Not sure if this is the same as https://elrepo.org/bugs/view.php?id=1283 but I found that in my searches.

Any thoughts?
Comment 1 Nicolas Chauvet 2023-01-17 08:17:28 CET
Thanks for the report:

https://koji.rpmfusion.org/koji/taskinfo?taskID=580262

I've backported a fix from elrepo (not upstream unfortunately).

The package will be pushed to testing repos in the coming days...


Please report.
Comment 2 Nicolas Chauvet 2023-01-17 08:27:53 CET
component created.
Comment 3 Brian J. Murrell 2023-01-17 14:10:54 CET
Thanks for the update.  However https://koji.rpmfusion.org/koji/taskinfo?taskID=580262 has the kernel module for kernel 4.18.0-425.3.1.el8.x86_64 however EL8.7 is currently on 4.18.0-425.10.1.el8_7.x86_64.
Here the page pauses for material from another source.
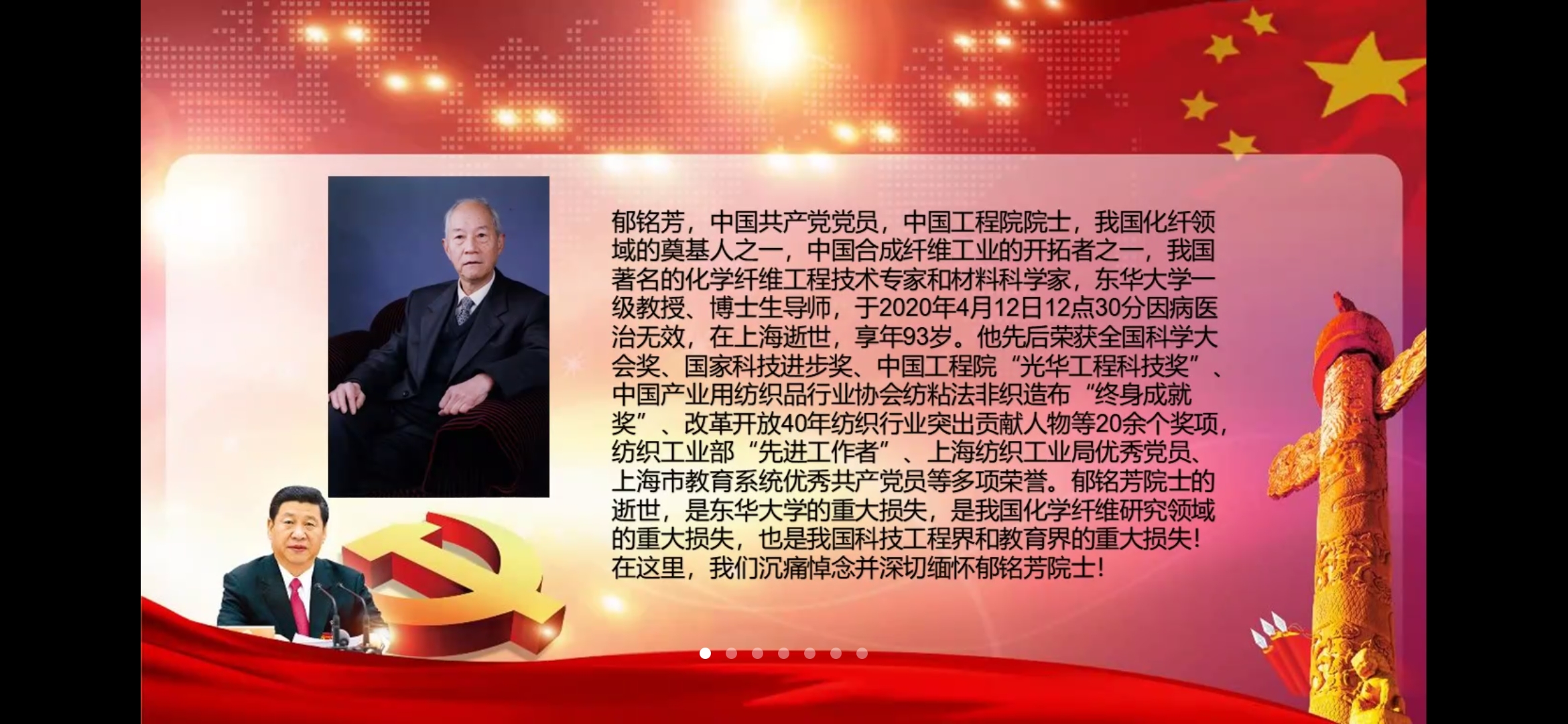 4月12日,惊悉我国化学纤维专家、丙纶非织造布生产技术先驱——郁铭芳院士去世的消息,我们深感悲痛。郁铭芳,中国共产党党员,中国工程院院士,我国化纤领域的奠基人之一,中国合成纤维工业的开拓者之一,我国著名的化学纤维工程技术专家和材料科学家。他先后荣获全国科学大会奖、国家科技进步奖、中国工程院“光华工程科技奖”、中国产业用纺织品行业协会纺粘法非织造布“终身成就奖”、改革开放40年纺织行业突出贡献人物等20余个奖项,纺织工业部“先进工作者”、上海纺织工业局优秀党员、上海市教育系统优秀共产党员等多项荣誉。

While I can appreciate that there is a[n a]kmod for it, if a binary kernel module is going to be produced, shouldn't it be for the current kernel?
Comment 4 Brian J. Murrell 2023-01-17 14:22:04 CET
Oh, wait.  I suppose kmod-wireguard-4.18.0-425.3.1.el8.x86_64-1.0.20220627-2.el8.x86_64 is kABI module that will also load into the 4.18.0-425.10.1.el8_7.x86_64 kernel.

If so, then the update in https://koji.rpmfusion.org/koji/taskinfo?taskID=580262 does not fix the soft lockups.  So maybe this one is different from https://elrepo.org/bugs/view.php?id=1283?
Comment 5 Nicolas Chauvet 2023-01-17 17:16:13 CET
I've tried another attempt
https://koji.rpmfusion.org/koji/taskinfo?taskID=580272

Basically it's the same patch on the same kernel that elrepo has applied.

Alternative would be that newer RHEL kernel has broke kABI with this particular module, so I will have to rebuild against a newer kernel (despite the minor version is the same).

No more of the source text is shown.